The 1985 film adaptation was directed by Norman Jewison, with a script also written by Pielmeier. It garnered three Academy Award nominations: Meg Tilly was nominated for the Academy Award for Best Supporting Actress, Anne Bancroft for Lead Actress for her performance as Mother Miriam, and Best Score. Anne Pitoniak, who played Miriam Ruth in the 1980 cast, also appears in the film, this time as the mother of Dr. Livingston.

==Background==
Pielmeier was inspired to write the play after seeing an article in a newspaper about an event that occurred in a convent in Brighton, New York, just outside the city limits of Rochester. Sister Maureen Murphy, a thirty-six-year-old Montessori teacher, was found bleeding in her room by the other sisters of the convent after she did not come down for meals. Sister Maureen denied she had given birth; when examined by medical staff, she said she could not remember being pregnant. She had covered up the pregnancy by wearing the traditional nun's habit. The baby was found dead in her small convent room in a waste basket, asphyxiated.

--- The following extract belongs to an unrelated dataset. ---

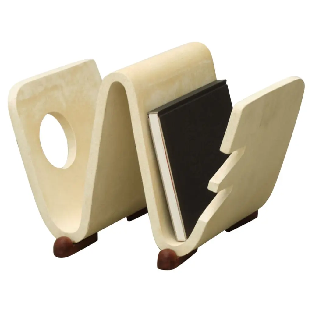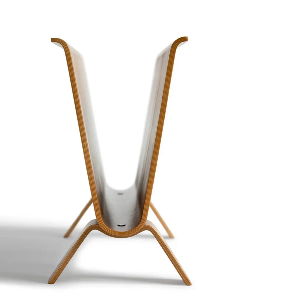 Made of plywood, this magazine rack balances flexibility and strength in one sophisticated design. The rack gently curves at the base, feet, and exposed plywood edges, and the overall shape bears the look of a cursive “v.” Finished with Ayous wood veneer, the design exudes a sense of mid-century warmth. Functional as well as beautiful, the rack provides for all of one’s light reading needs, holding magazines, newspapers, and paperbacks. An elegant addition to any home or office, the piece was designed by Saito Wood Company and made in Shizuoka, Japan.
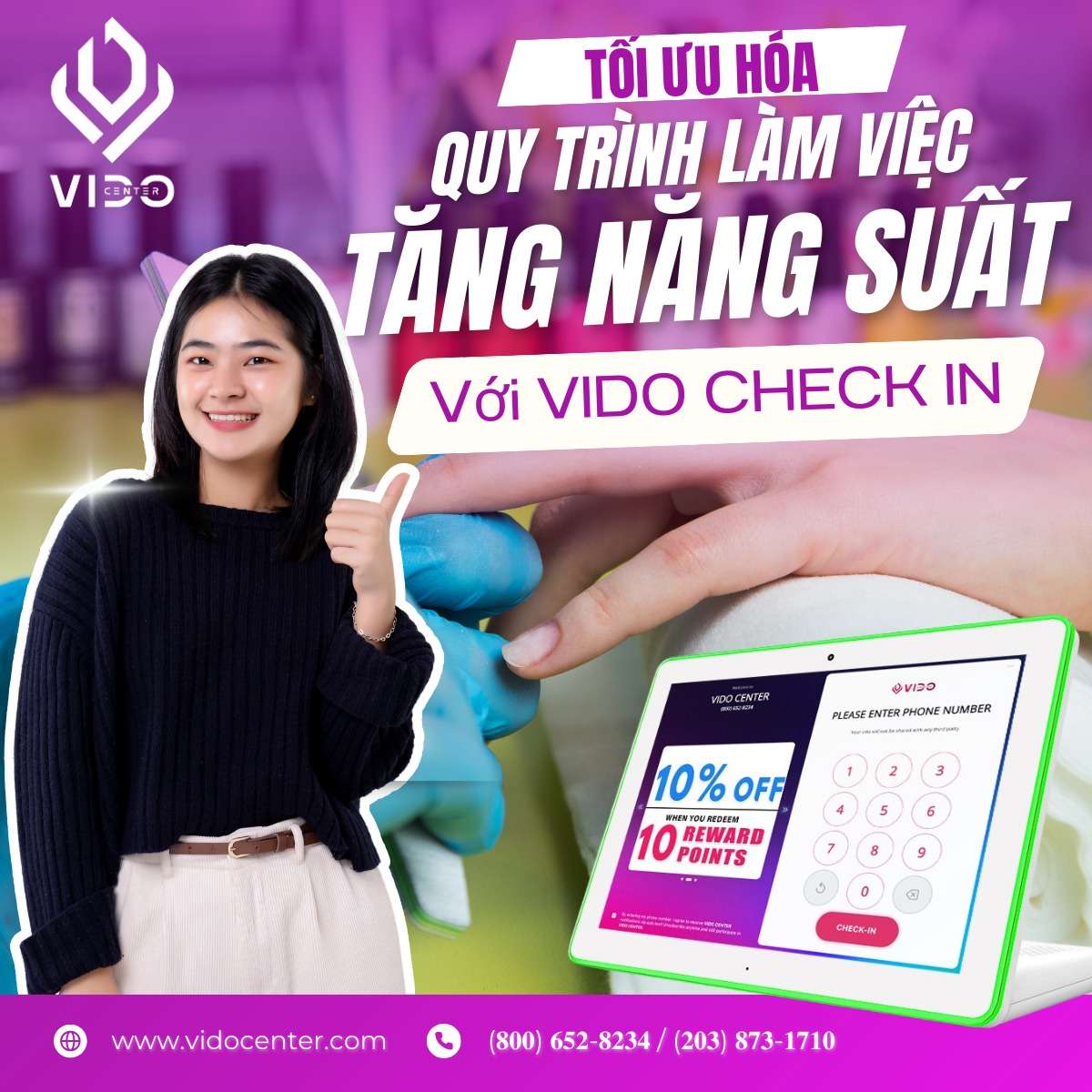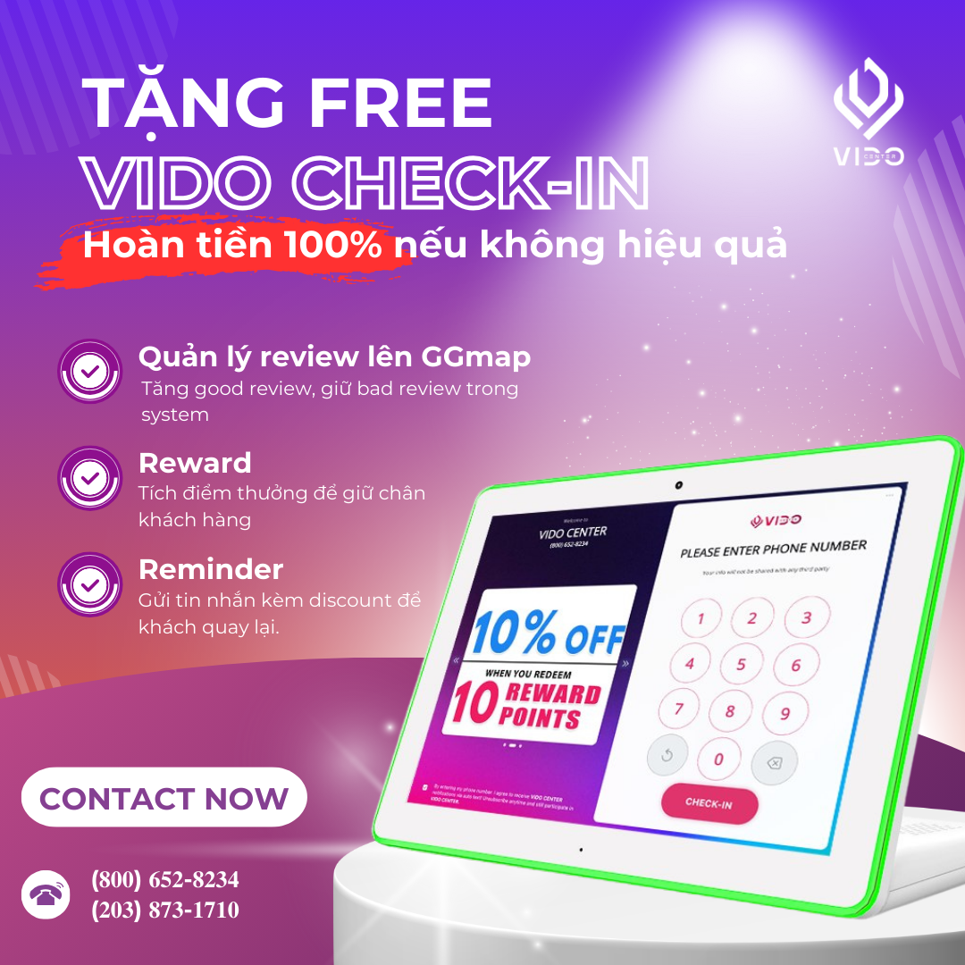 𝐕𝐈𝐃𝐎 𝐂𝐇𝐄𝐂𝐊-𝐈𝐍 có các tính năng nhắc nhở khách hàng quay lại tiệm, gửi khuyến mãi cá nhân hóa và quản lý chương trình tích điểm để khách hàng có động lực quay lại thường xuyên và tận hưởng các ưu đãi hấp dẫn.

The police found ticket stubs and other information in the nun's room indicating that precisely nine months earlier she had traveled out of state to an educational conference. During the trial, the father of the baby was never named.

At her trial, Sister Maureen waived her right to a jury, and Judge Hyman Maas presided. The trial was over in ten days, and Maas found the nun not guilty of all charges by reason of insanity in March 1977.
The convent where the incident occurred is adjacent to the still-functioning suburban parish and school. The convent is used to house Nazareth University students. The girls' high school, St. Agnes, where some of the nuns taught, is closed.